§ **Task goal**:
All of the data should be reproduced word for word, though its pictures must be omitted.

§ **Dataset section**:
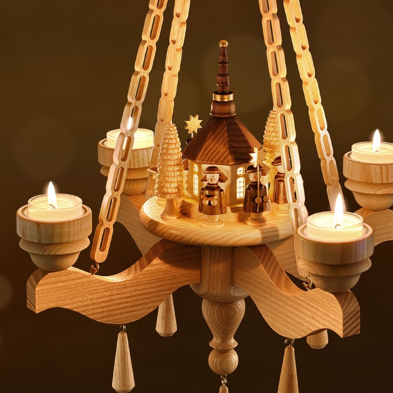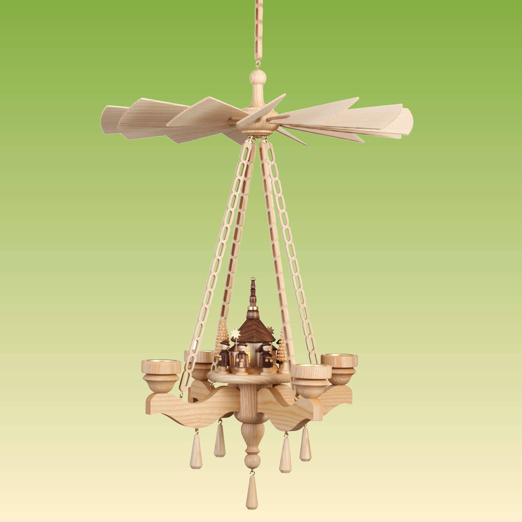 Die Pyramide ist 65 cm hoch und 42 cm breit. Sechs lasierte Kurrendesänger und handgedrechselte Ringelbäumchen umsäumen die innenbeleuchtete Seiffener Kirche auf einer auswechselbaren Motivplatte. Die Beleuchtung wird mit einer auswechselbaren AAA-Batterie betrieben, die eine Leuchtdauer von ca. 100 Stunden hat. Der Schalter befindet sich an der Motivplatte. Die Deckenpyramide wird komplett aus massivem, hellem Eschenholz in Handarbeit in unserer Werkstatt im Erzgebirge gefertigt. Ende der 90er Jahre wurde durch Holzpielzeugmachermeister Torsten Unger eine alte Tradition aus dem Erzgebirge wieder neu umgesetzt: Die Deckenpyramide. Erstaunt und verblüfft stehen immer wieder interessierte Betrachter, wie sich die Pyramide mit 4 Kerzen durch die aufsteigende Wärme an einem Deckenlager, dem sogenannten Venetel, ganz gemächlich zu drehen beginnt. Durch das dabei an die Decke projizierte Lichtspiel kommt sofort eine ganz besondere weihnachtliche Stimmung auf. Wir fertigen Deckenpyramiden in 3 verschiedenen Größen, dabei auch mit 2 Etagen. Als besonderes Gestaltungsmerkmal werden alle Deckenpyramiden von einzigartigen Holzkettenstäben getragen, die wie die Pyramiden selbst geschmacksmustergeschützt sind. Wir sind zertifizierter Hersteller Echt Erzgebirgischer Volkskunst®
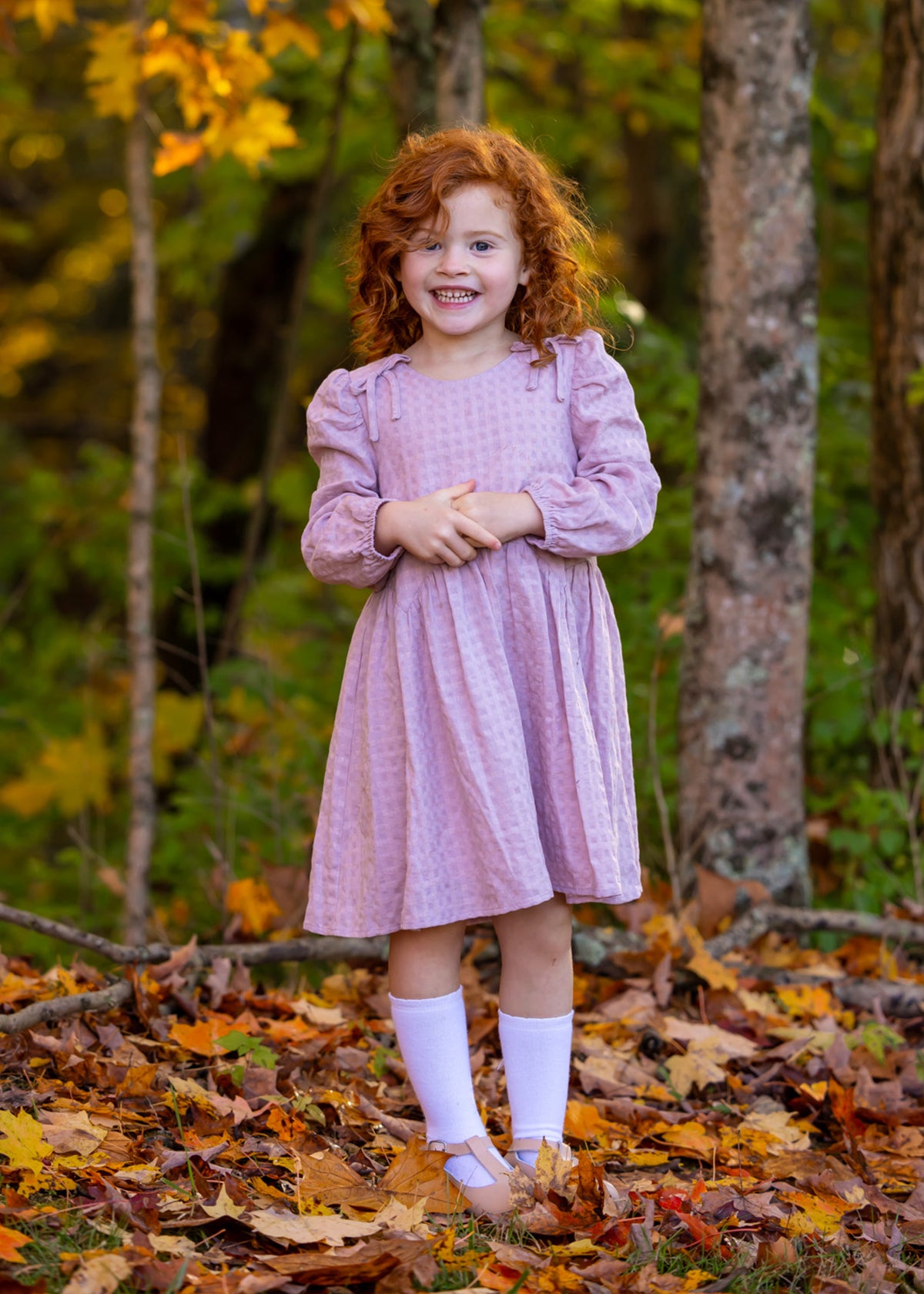 The "Check Me Out" girl's dress is crafted from a soft, breathable fabric in a delicate mauve gingham pattern. This dress features long sleeves with elasticized cuffs and charming bow details at the shoulders, adding a touch of elegance. The gathered waist enhances the silhouette, making it an ideal choice for both casual and special occasions.
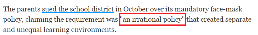 这起诉讼并不是该地区的口罩政策第一次受到挑战。去年10月,这些家长就起诉了所在学区强制佩戴口罩的政策,称这项“不合理政策”造成了隔离和不平等的学习环境。一些家长甚至声称,要求佩戴口罩侵犯公民自由。

§ **Output for this exercise**:
 Die Pyramide ist 65 cm hoch und 42 cm breit. Sechs lasierte Kurrendesänger und handgedrechselte Ringelbäumchen umsäumen die innenbeleuchtete Seiffener Kirche auf einer auswechselbaren Motivplatte. Die Beleuchtung wird mit einer auswechselbaren AAA-Batterie betrieben, die eine Leuchtdauer von ca. 100 Stunden hat. Der Schalter befindet sich an der Motivplatte. Die Deckenpyramide wird komplett aus massivem, hellem Eschenholz in Handarbeit in unserer Werkstatt im Erzgebirge gefertigt. Ende der 90er Jahre wurde durch Holzpielzeugmachermeister Torsten Unger eine alte Tradition aus dem Erzgebirge wieder neu umgesetzt: Die Deckenpyramide. Erstaunt und verblüfft stehen immer wieder interessierte Betrachter, wie sich die Pyramide mit 4 Kerzen durch die aufsteigende Wärme an einem Deckenlager, dem sogenannten Venetel, ganz gemächlich zu drehen beginnt. Durch das dabei an die Decke projizierte Lichtspiel kommt sofort eine ganz besondere weihnachtliche Stimmung auf. Wir fertigen Deckenpyramiden in 3 verschiedenen Größen, dabei auch mit 2 Etagen. Als besonderes Gestaltungsmerkmal werden alle Deckenpyramiden von einzigartigen Holzkettenstäben getragen, die wie die Pyramiden selbst geschmacksmustergeschützt sind. Wir sind zertifizierter Hersteller Echt Erzgebirgischer Volkskunst®
 The "Check Me Out" girl's dress is crafted from a soft, breathable fabric in a delicate mauve gingham pattern. This dress features long sleeves with elasticized cuffs and charming bow details at the shoulders, adding a touch of elegance. The gathered waist enhances the silhouette, making it an ideal choice for both casual and special occasions.
 这起诉讼并不是该地区的口罩政策第一次受到挑战。去年10月,这些家长就起诉了所在学区强制佩戴口罩的政策,称这项“不合理政策”造成了隔离和不平等的学习环境。一些家长甚至声称,要求佩戴口罩侵犯公民自由。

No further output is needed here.